One answer is to embrace the language of risks and uncertainties. Not too long ago, those resisting climate action were the ones playing up the issue of uncertainty. The “merchants of doubt”, marginal scientists and other commentators in hock to the fossil-fuel industry, focused on our lack of complete knowledge to challenge the strengthening consensus around anthropogenic climate change. Uncertainty was their friend. But for the rest of us, it is public enemy number one. The unknowns and unknowables are what make climate change such an urgent problem.

Over the past few decades, advances in climate science and economics have helped to quantify more climate-related uncertainties. This progress has been both helpful and alarming, because it has further underscored just how dangerous those uncertainties truly are.

Above all, it shows that we need climate action not only to keep relatively slow-moving averages from increasing further, but, even more importantly, to keep uncertainties in check. The floods, droughts, wildfires, and other extreme climate-driven phenomena are what make the problem so costly. Conversely, climate policymaking that cuts off the tail end of the extreme-weather distribution should be regarded as a major success.

Sometimes, this will literally mean taking out insurance against the worst phenomena. Insurance mandates, for example, would compel homeowners to account for the cost of floods and wildfires when deciding where to live. As the price of homeowner’s insurance rises in disaster-prone areas, mandates could become one of the most effective ways to encourage climate-change adaptation.

Similarly, investments in low-carbon energy sources are often best viewed as investments in resilience, and thus in decreased uncertainty. Lowering one’s average carbon footprint ought to be valued and appropriately rewarded. But whether you are installing solar panels on your roof, using a battery pack as backup storage, or switching to a heat pump and induction stove, the biggest payoff comes in extreme circumstances, or the lack thereof.

The solar panels and battery packs will ensure that your lights stay on even if the grid goes down because of extreme weather.
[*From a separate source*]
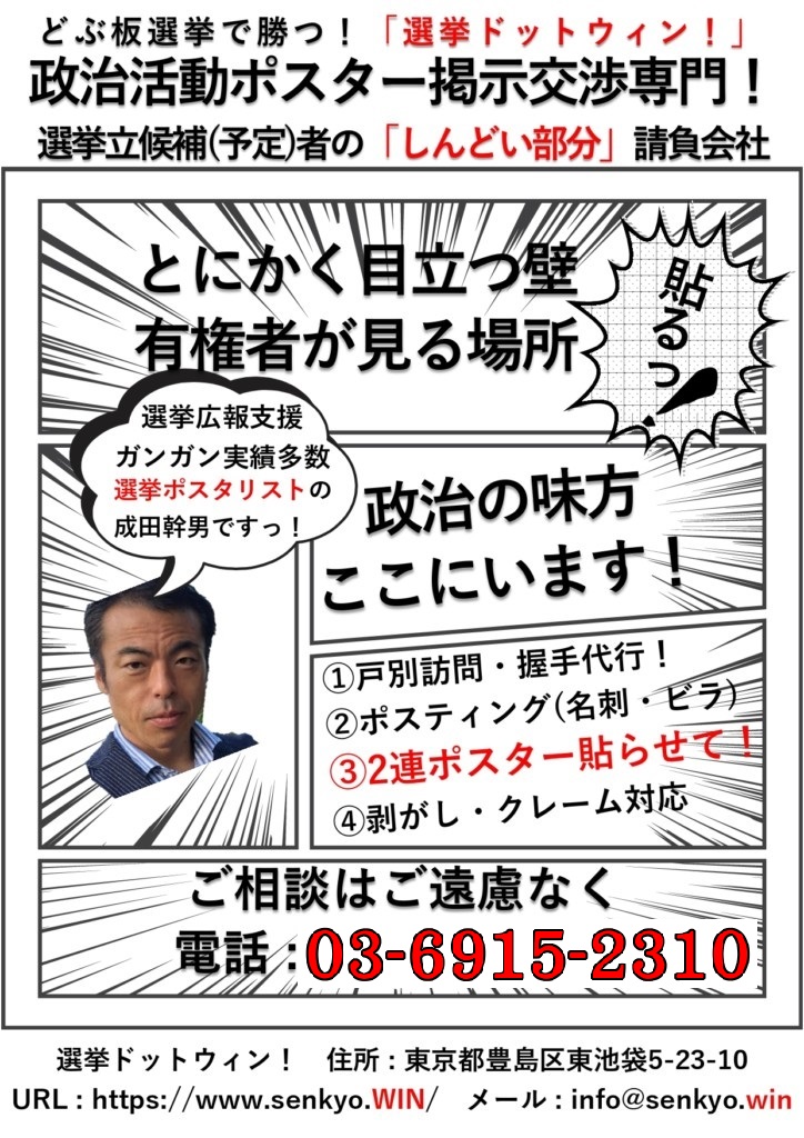 立札看板設置交渉代行 選挙ドットウィン! どぶ板選挙代行 どぶ板広報支援 ポスター新規掲示 選挙広報支援 選挙広報サポート ポスター掲示許可貼りポスター掲示承諾貼り 事前街頭ポスター貼り 街頭演説会 ポスター貼り 代行 党員獲得代行 党員募集代行 掲示責任者代行。

Similarly, a heat pump and induction stove will allow you to cut off your gas line and declare independence from future gas supply shocks that directly affect your heating bill. (The indirect effect via the electric bill points immediately back to solar panels and battery packs, and it further reinforces the urgency to de-carbonise the overall electric grid.)

The cost of solar and all-electric appliances will only decline over time, whereas natural gas and oil markets will continue to fluctuate, owing to the vagaries of geopolitics and the global economy. A surefire way to prevent fossilflation is to get off fossil fuels altogether.
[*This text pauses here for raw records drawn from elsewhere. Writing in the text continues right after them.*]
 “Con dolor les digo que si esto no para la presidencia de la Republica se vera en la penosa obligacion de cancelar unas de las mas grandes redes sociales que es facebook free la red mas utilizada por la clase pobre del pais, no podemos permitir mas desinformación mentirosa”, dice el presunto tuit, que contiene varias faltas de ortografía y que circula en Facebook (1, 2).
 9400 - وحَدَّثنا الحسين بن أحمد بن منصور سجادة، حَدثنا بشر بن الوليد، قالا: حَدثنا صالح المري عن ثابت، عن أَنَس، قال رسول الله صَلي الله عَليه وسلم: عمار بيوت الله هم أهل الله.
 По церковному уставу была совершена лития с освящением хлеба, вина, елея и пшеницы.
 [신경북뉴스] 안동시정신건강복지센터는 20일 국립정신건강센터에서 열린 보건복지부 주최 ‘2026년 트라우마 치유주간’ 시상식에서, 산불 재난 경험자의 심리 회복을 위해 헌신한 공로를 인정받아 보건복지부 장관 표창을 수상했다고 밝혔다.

What is true for homeowners also is true for whole economies. Less dependence on fossil fuels means less uncertainty. True, the clean-energy transition also relies on potentially volatile commodities like copper, lithium, and other critical minerals. But there are crucial differences between these and fossil fuels. For one, the millions of tonnes of material going into clean technologies are orders of magnitude smaller than the billions of tonnes of fossil fuels being burned every year. And still better technologies with ever-lower costs are likely to emerge as we rapidly climb the learning curve on clean-energy solutions.

The trend lines support a cautiously optimistic outlook on the clean-energy future. But there are plenty of hurdles still to overcome, many of them erected and propped up by fossil-fuel incumbents trying to delay the inevitable. There is also plenty of climate-driven pain and destruction still in store. Things will get worse before they get better.

But even if we can no longer prevent climate change, we can still mitigate it by minimising the accompanying uncertainties. We must embrace these uncertainties for what they are: A wake-up call to prevent the worst. Climate risk is financial risk, and climate action is an insurance policy, for the world as much as for individual companies and for us as individuals.